EEG-Based Computational Modeling of Creative Cognition: A Hybrid Framework for Neural Signal Interpretation

Liyan Nii^*

• Yulin University, Yulin, China

The quantitative analysis of EEG signals offers a powerful means to understand the neural basis of creative behavior, which is crucial for advancing fields such as neuroscience, psychology, and education. Creative behavior involves complex cognitive processes, including divergent thinking, ideation, and associative processing, which are reflected in specific patterns of neural activity observable in EEG signals. By identifying and modeling these patterns, researchers can better interpret how creative thinking unfolds over time and design systems that enhance creative potential. While traditional EEG analysis methods such as Granger causality, dynamic causal modeling, and phase slope index provide objective measures of neural interaction, they are often limited in their ability to capture the dynamic, task-aligned processes that characterize creativity.

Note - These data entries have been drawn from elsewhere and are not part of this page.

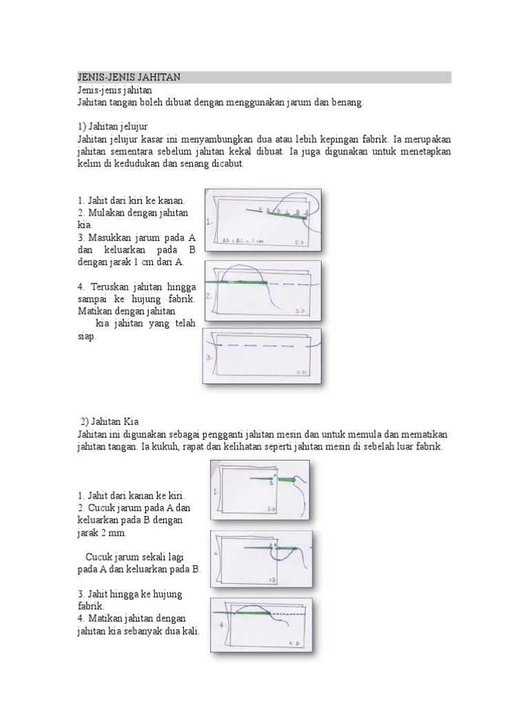 Buletin teknis ini dapat menjadi panduan kilat bagi anda mengenai jenis jenis jahitan. Mulakan jahitan dengan jahitan kia dari kiri ke kanan. Jahitan ini boleh digunakan sebagai pengganti jahitan mesin. Ia merupakan jahitan sementara sebelum jahitan kekal dibuat.
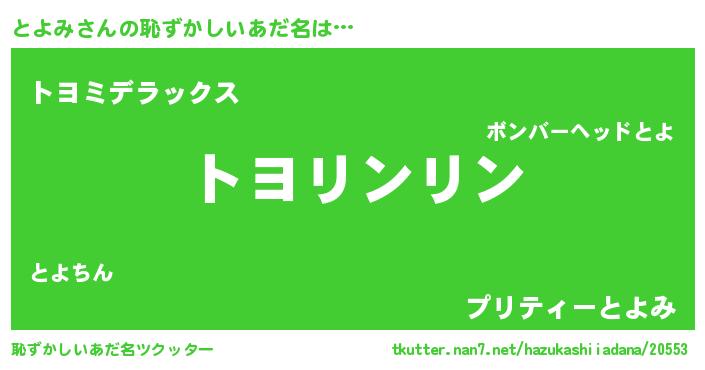 | ヘコむあだ名 | 『とよぷりん』『とよにー』『豆乳』 |
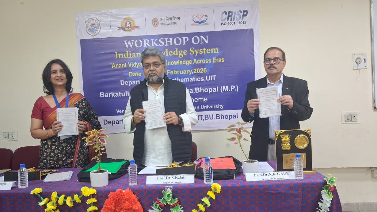 भोपाल। यूआईटी, बरकतउल्लाह विश्वविद्यालय, भोपाल के गणित विभाग द्वारा पीएम-यूषा योजना के अंतर्गत “भारतीय ज्ञान प्रणाली – Infinite Knowledge Across Eras” विषय पर आयोजित दो दिवसीय कार्यशाला (10-11 फरवरी 2026) सफलतापूर्वक संपन्न हुई। कार्यशाला में विभिन्न विषयों से लगभग 125 प्रतिभागियों, जिनमें मुख्यतः फैकल्टी सदस्य, पीएचडी शोधार्थी एवं स्नातकोत्तर छात्र शामिल थे, ने सहभागिता की।
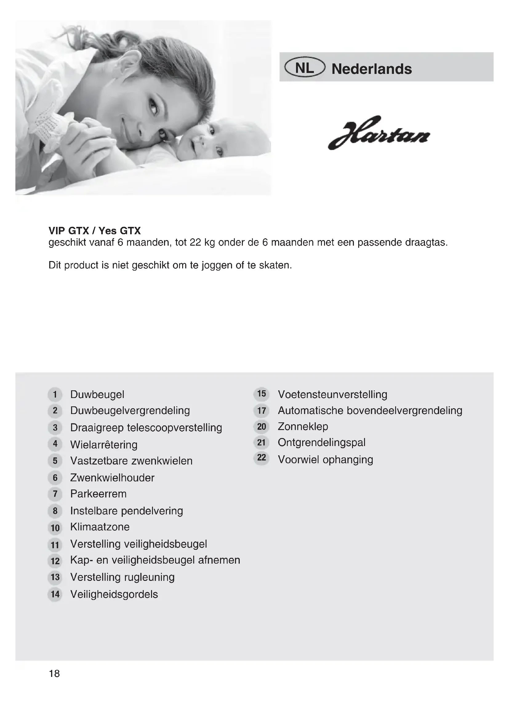 VIP GTX / Yes GTX geschikt vanaf 6 maanden, tot 22 kg onder de 6 maanden met een passende draagtas. Dit product is niet geschikt om te joggen of te skaten. Duwbeugel Duwbeugelvergrendeling Draaigreep telescoopverstelling Wielarrêtering Vastzetbare zwenkwielen Zwenkwielhouder Parkeerrem Instelbare pendelvering Klimaatzone Verstelling veiligheidsbeugel Kap- en veiligheidsbeugel afnemen Verstelling rugleuning Veiligheidsgordels Voetensteunverstelling Automatische bovendeelvergrendeling Zonneklep Ontgrendelingspal Voorwiel ophanging
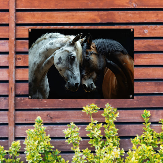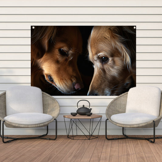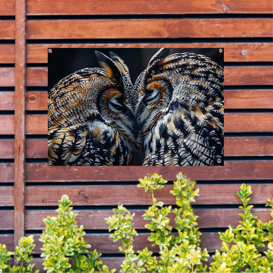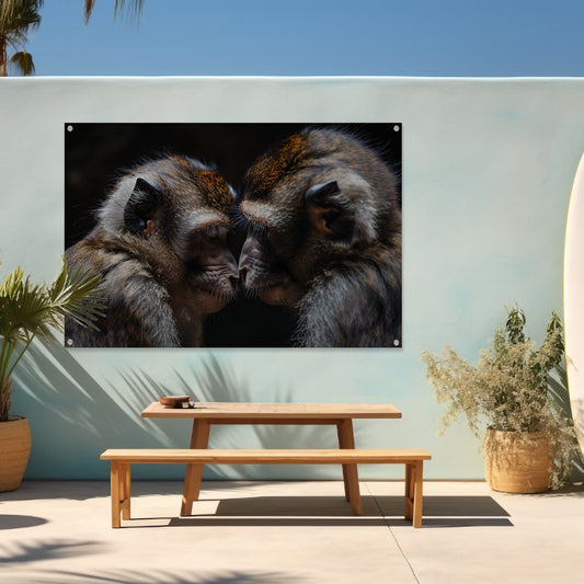 Twee katten in donkere omgeving kijken elkaar aan tuinposter
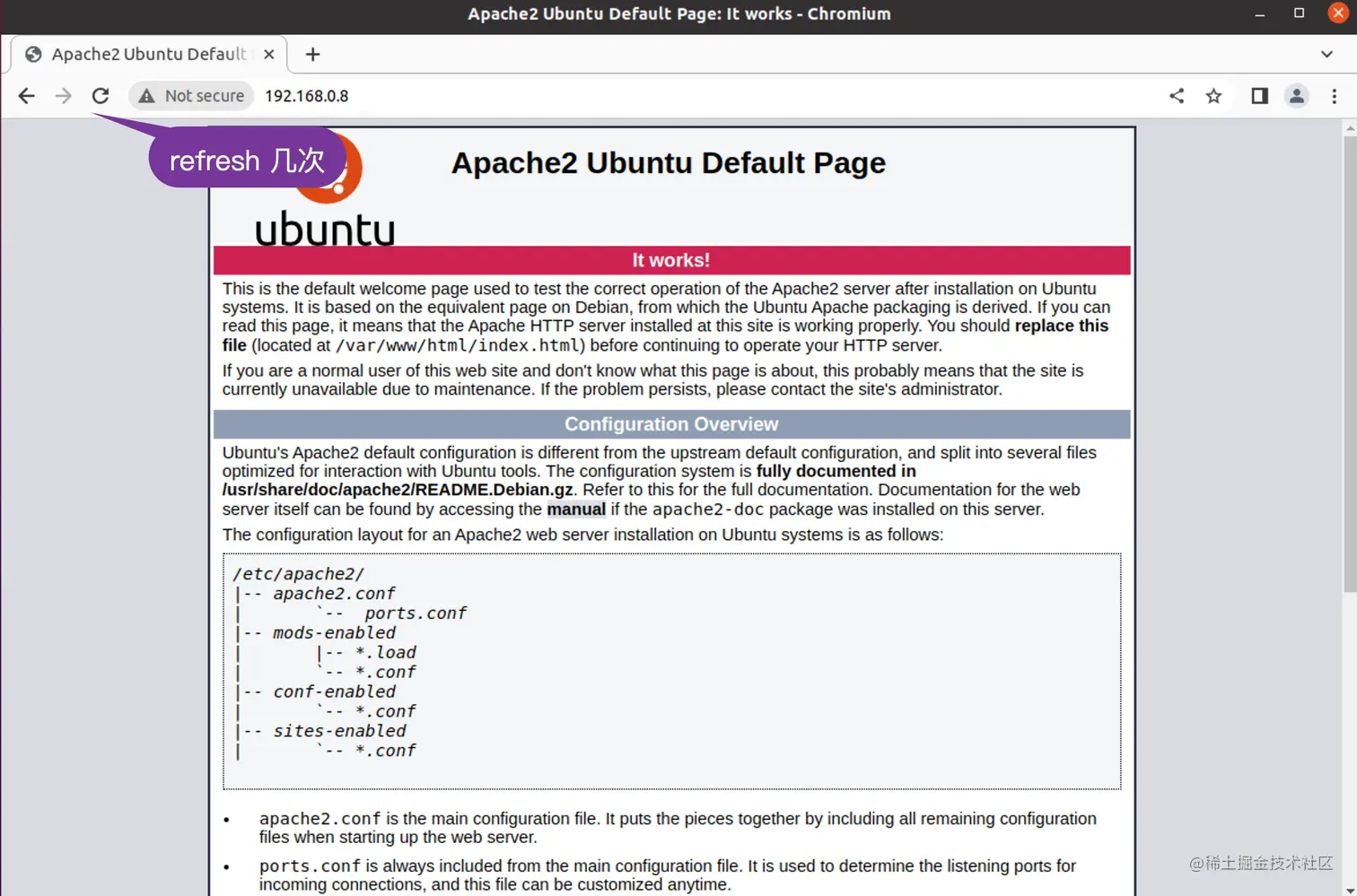 我们在 Apache 的页面上点击 refresh 按钮几次:
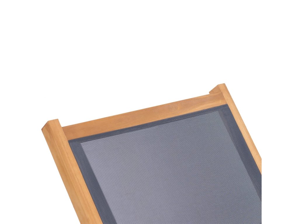 - Materiál: jemně broušené teakové tvrdé dřevo, ošetřené lazurou na vodní bázi, textilen
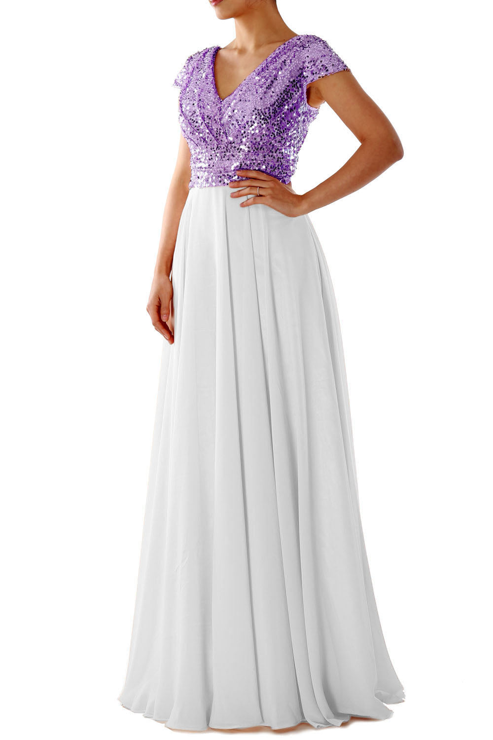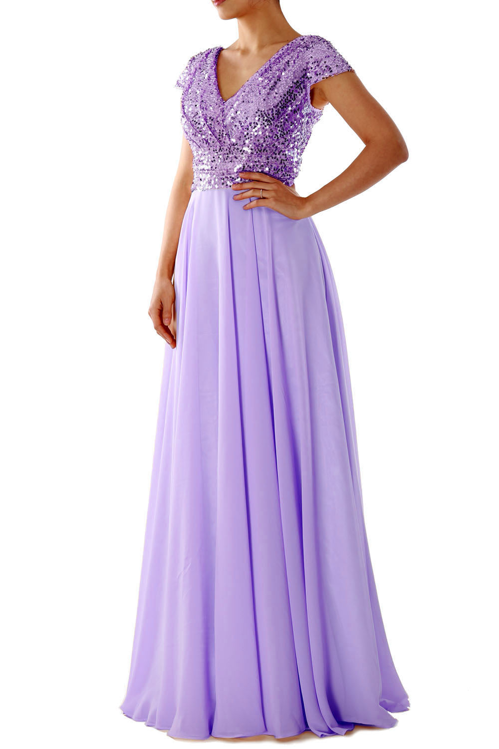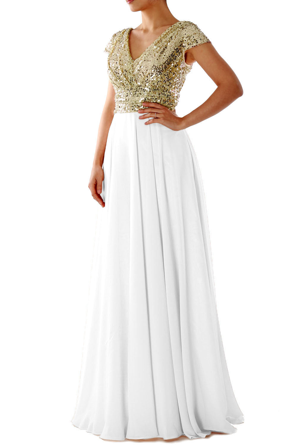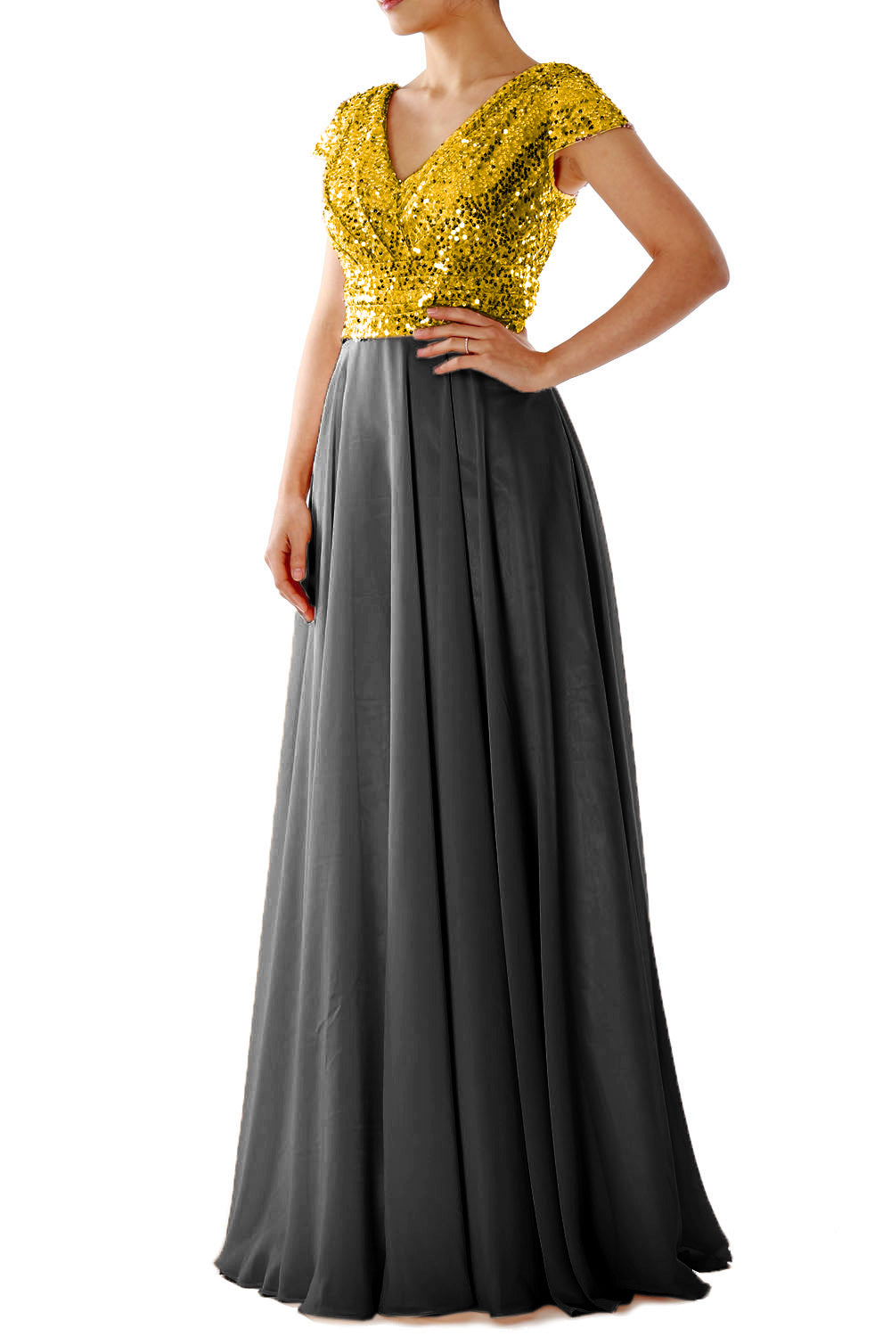 This exquisite cap sleeved V-neck dress is perfect for any special occasion. Crafted with luxurious sequin chiffon fabric, the dress features a stunning rose gold hue and a flattering fit to create a look that is both timeless and elegant.

To address this, we propose a novel hybrid framework that combines the interpretability of traditional signal processing with the expressive power of deep learning. The proposed Generative Creativity Network (GCN) models temporal and spatial EEG features associated with creative cognition, while the Adaptive Creativity Enhancement Strategy (ACES) facilitates real-time feedback and optimization during creative tasks. This framework simulates the iterative process of idea generation, evaluation, and refinement by leveraging EEG-derived features linked to creativity dimensions such as originality, flexibility, and task relevance. Empirical validation across four diverse EEG/fMRI datasets demonstrates the model's effectiveness in capturing creativity-related neural dynamics and supporting adaptive interventions. Rather than inferring neural mechanisms or causal pathways directly, the model offers a computationally grounded approach to studying creative cognition through scalable and interpretable neural modeling.